In 1866, Wyndham returned to Italy to continue his military service in the Royal Italian Army. That completed, after several failed business ventures he journeyed to India where, after selling his military decorations to support himself, he took to giving hot air ballooning demonstrations to earn a living. On 27 January 1879 he was killed when his balloon burst open and fell from a height of about three hundred feet into a lake near Rangoon, Burma. A newspaper there reported his death, concluding "Thus ended a singular and adventurous career".He is buried in England

His death was noted as far away as the Highlands of Scotland, here is a report from The Inverness Courier, February 6th 1879. All spelling, punctuation and capitalisation as per the original publication.

"THROWN FROM A BALLOON. News of a sad accident comes from Rangoon.
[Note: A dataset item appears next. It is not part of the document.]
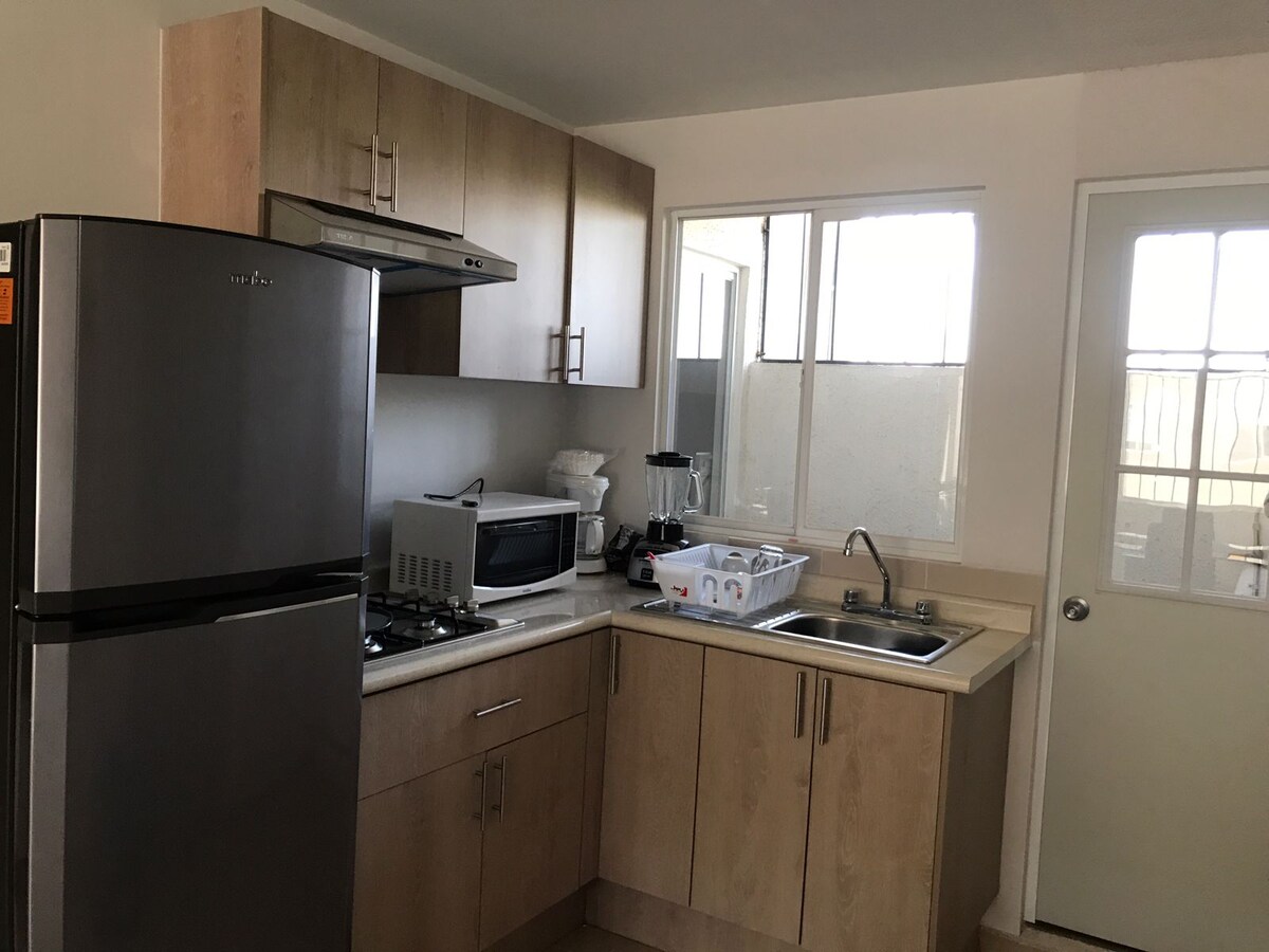 Nyt en VIP-leilighet i første etasje, sammen et privat boligkompleks i nærheten av Planta VW, Outlets Puebla, Val’ Quirico og kommersielt område. Den har to komplette bad og to rom, det viktigste med en king size-seng, TV med Netflix, walk-in-garderobe og komplett bad; og det sekundære med en køyeseng med to enkeltsenger. Luuna-madrasser og puter. Fullt utstyrt kjøkken og stue med sovesofa. Spisestue med 6 stoler. Trådløst nettverk. Vaskerom og privat hage med utemøbler for hvile.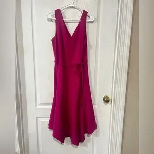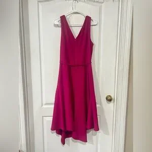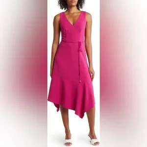 A slim sash belts the waist of this stretchy scuba-crepe dress designed with an asymmtric hemline. V-neck Sleeveless Back zip closure Lined 94% polyester, 6% spandex Machine wash, line dry Imported M

Colonel Percy Wyndham, a gentleman well known in Calcutta and Rangoon, announced an ascent in a balloon of his own construction. After attaining a height of about 500 feet the balloon burst, and the unfortunate aeronaut fell into the Royal lake, whence he was extricated quite dead. Colonel Percy Wyndham was a distinguished soldier of fortune. He served with great credit under General Garibaldi, and the Northern Army during the American War. He came to Calcutta some years ago, where he established a successful comic paper, then he became impresario of the opera, next he entered the services of the King of Burma as Commander-in-Chief. Soon, however, quarrelling with that potentate, he went to Rangoon, where his characteristic death closed a career more chequered than falls the lot of many in this commonplace age."